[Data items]

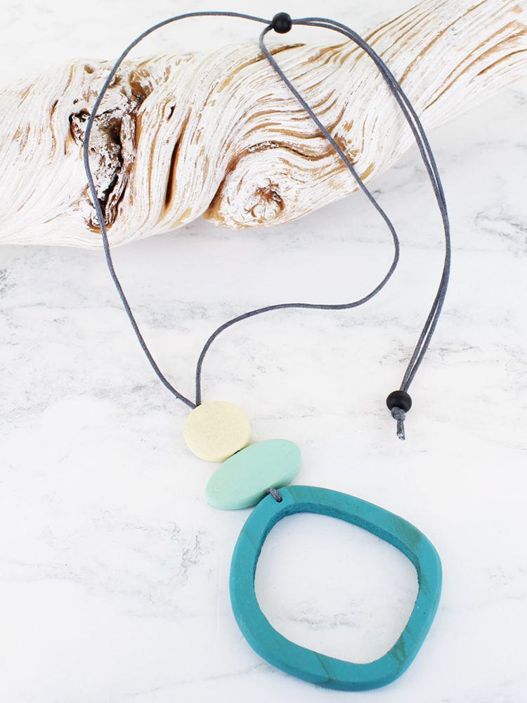 FB1308TL WOODEN OPEN HOOP PENDANT NECKLACE
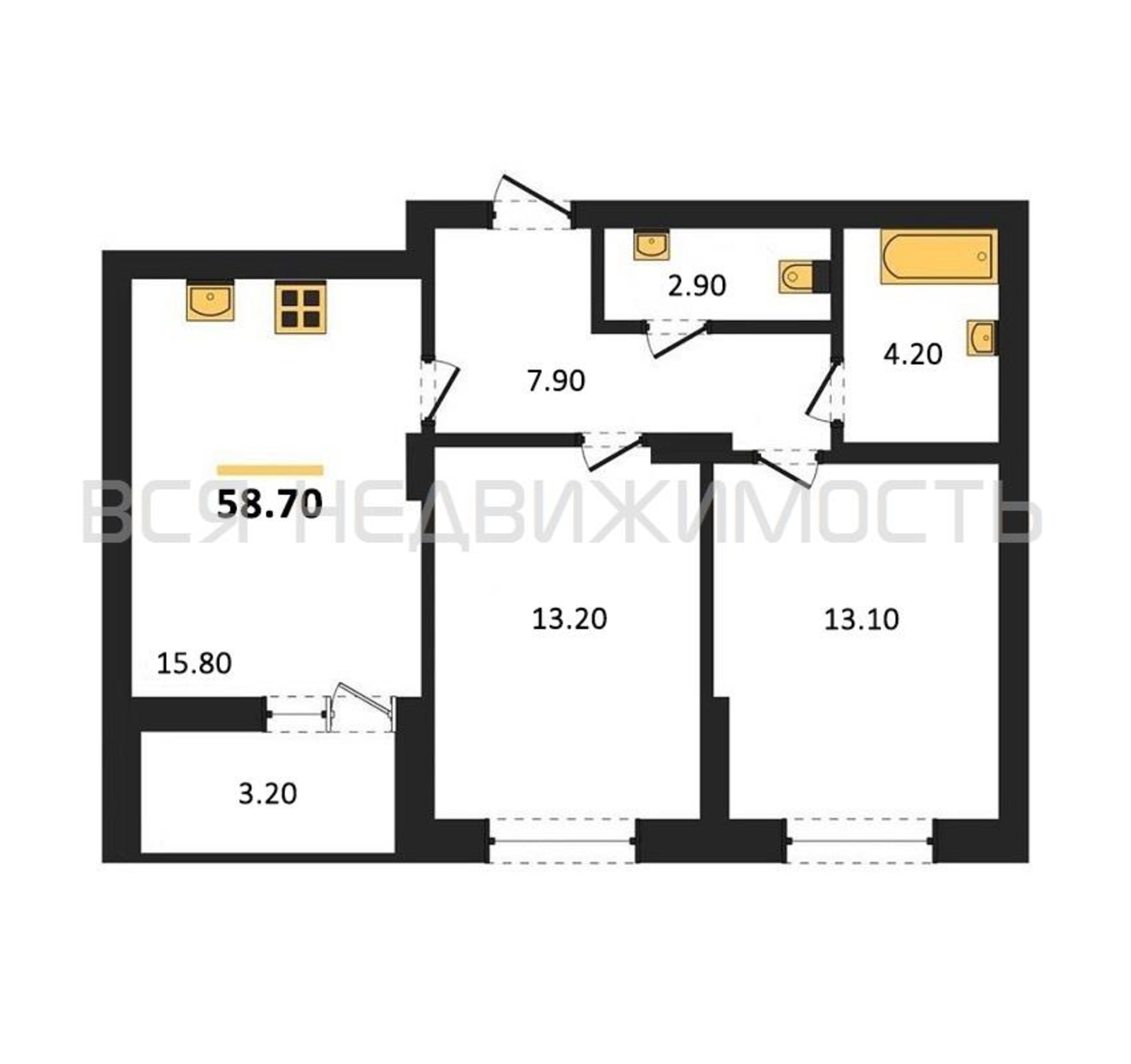 Строительная площадь58.70 м²
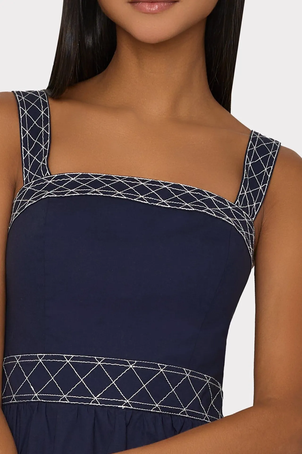 Rendered From Lightweight Cotton Poplin With A Bit Of Stretch, This Style Features Embroidery That Separate Each Of The Dresses Tiers And Along The Neckline. Style Yours With Flat Sandals And A Basket During The Day Or With An Ankle Strap Heel At Night.
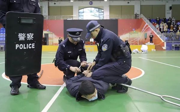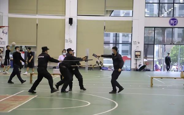 随后在学院体艺馆开展的反恐实地演练中,模拟了两名“暴徒”混入校园袭击在校学生,校园安保人员发挥扎实的处置能力,第一时间报警求助并有序地组织现场人员安全撤离,随后与迅速到场的民警们合力将“暴徒”制服,成功解除危机的场景。此次演练安全有序,达到了预期效果,强化了对师生的反恐宣传教育。演练最后,反恐大队民警还为学院安保人员进行了反恐防暴器具使用培训。
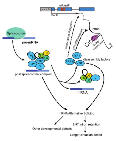 作为剪接复合体解离因子,ILP1和NTR1协助PRP43参与套索RNA和U2/5/6 snRNA从剪接位点上解离。ILP1和NTR1可通过miRNA途径依赖和非依赖的方式调控植物发育。一方面,ILP1和NTR1调控部分编码基因的可变剪接;另一方面,ILP1和NTR1通过促进MIRNA基因的转录延伸及影响一些miRNA前体分子的可变剪接进而调节miRNA的生物合成。
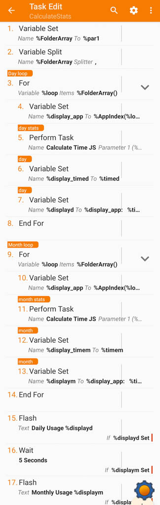 CalculateStats Abort Existing Task A1: Variable Set [ Name:%FolderArray To:%par1 Recurse Variables:Off Do Maths:Off Append:Off Max Rounding Digits:3 ] A2: Variable Split [ Name:%FolderArray Splitter:, Delete Base:On ]A3: For [ Variable:%loop Items:%FolderArray() ] A4: Variable Set [ Name:%display_app To:%AppIndex(%loop) Recurse Variables:Off Do Maths:Off Append:Off Max Rounding Digits:3 ] A5: Perform Task [ Name:Calculate Time JS Priority:%priority Parameter 1 (%par1):%DST(%loop) Parameter 2 (%par2): Return Value Variable:%timed Stop:Off ] A6: Variable Set [ Name:%display_timed To:%timed Recurse Variables:Off Do Maths:Off Append:Off Max Rounding Digits:3 ] A7: Variable Set [ Name:%displayd To:%display_app: %timed Recurse Variables:Off Do Maths:Off Append:On Max Rounding Digits:3 ] A8: End For A9: For [ Variable:%loop Items:%FolderArray() ] A10: Variable Set [ Name:%display_app To:%AppIndex(%loop) Recurse Variables:Off Do Maths:Off Append:Off Max Rounding Digits:3 ] A11: Perform Task [ Name:Calculate Time JS Priority:%priority Parameter 1 (%par1):%MST(%loop) Parameter 2 (%par2): Return Value Variable:%timem Stop:Off ] A12: Variable Set [ Name:%display_timem To:%timem Recurse Variables:Off Do Maths:Off Append:Off Max Rounding Digits:3 ] A13: Variable Set [ Name:%displaym To:%display_app: %timem Recurse Variables:Off Do Maths:Off Append:On Max Rounding Digits:3 ] A14: End For A15: Flash [ Text:Daily Usage %displayd Long:On ] If [ %displayd Set ] A16: Wait [ MS:0 Seconds:5 Minutes:0 Hours:0 Days:0 ] If [ %displaym Set ] A17: Flash [ Text:Monthly Usage %displaym Long:On ] If [ %displaym Set ]

**To do**
Reproduce the data above exactly, leaving out any picture in it.

**Expected answer**
 FB1308TL WOODEN OPEN HOOP PENDANT NECKLACE
 Строительная площадь58.70 м²
 Rendered From Lightweight Cotton Poplin With A Bit Of Stretch, This Style Features Embroidery That Separate Each Of The Dresses Tiers And Along The Neckline. Style Yours With Flat Sandals And A Basket During The Day Or With An Ankle Strap Heel At Night.
 随后在学院体艺馆开展的反恐实地演练中,模拟了两名“暴徒”混入校园袭击在校学生,校园安保人员发挥扎实的处置能力,第一时间报警求助并有序地组织现场人员安全撤离,随后与迅速到场的民警们合力将“暴徒”制服,成功解除危机的场景。此次演练安全有序,达到了预期效果,强化了对师生的反恐宣传教育。演练最后,反恐大队民警还为学院安保人员进行了反恐防暴器具使用培训。
 作为剪接复合体解离因子,ILP1和NTR1协助PRP43参与套索RNA和U2/5/6 snRNA从剪接位点上解离。ILP1和NTR1可通过miRNA途径依赖和非依赖的方式调控植物发育。一方面,ILP1和NTR1调控部分编码基因的可变剪接;另一方面,ILP1和NTR1通过促进MIRNA基因的转录延伸及影响一些miRNA前体分子的可变剪接进而调节miRNA的生物合成。
 CalculateStats Abort Existing Task A1: Variable Set [ Name:%FolderArray To:%par1 Recurse Variables:Off Do Maths:Off Append:Off Max Rounding Digits:3 ] A2: Variable Split [ Name:%FolderArray Splitter:, Delete Base:On ]A3: For [ Variable:%loop Items:%FolderArray() ] A4: Variable Set [ Name:%display_app To:%AppIndex(%loop) Recurse Variables:Off Do Maths:Off Append:Off Max Rounding Digits:3 ] A5: Perform Task [ Name:Calculate Time JS Priority:%priority Parameter 1 (%par1):%DST(%loop) Parameter 2 (%par2): Return Value Variable:%timed Stop:Off ] A6: Variable Set [ Name:%display_timed To:%timed Recurse Variables:Off Do Maths:Off Append:Off Max Rounding Digits:3 ] A7: Variable Set [ Name:%displayd To:%display_app: %timed Recurse Variables:Off Do Maths:Off Append:On Max Rounding Digits:3 ] A8: End For A9: For [ Variable:%loop Items:%FolderArray() ] A10: Variable Set [ Name:%display_app To:%AppIndex(%loop) Recurse Variables:Off Do Maths:Off Append:Off Max Rounding Digits:3 ] A11: Perform Task [ Name:Calculate Time JS Priority:%priority Parameter 1 (%par1):%MST(%loop) Parameter 2 (%par2): Return Value Variable:%timem Stop:Off ] A12: Variable Set [ Name:%display_timem To:%timem Recurse Variables:Off Do Maths:Off Append:Off Max Rounding Digits:3 ] A13: Variable Set [ Name:%displaym To:%display_app: %timem Recurse Variables:Off Do Maths:Off Append:On Max Rounding Digits:3 ] A14: End For A15: Flash [ Text:Daily Usage %displayd Long:On ] If [ %displayd Set ] A16: Wait [ MS:0 Seconds:5 Minutes:0 Hours:0 Days:0 ] If [ %displaym Set ] A17: Flash [ Text:Monthly Usage %displaym Long:On ] If [ %displaym Set ]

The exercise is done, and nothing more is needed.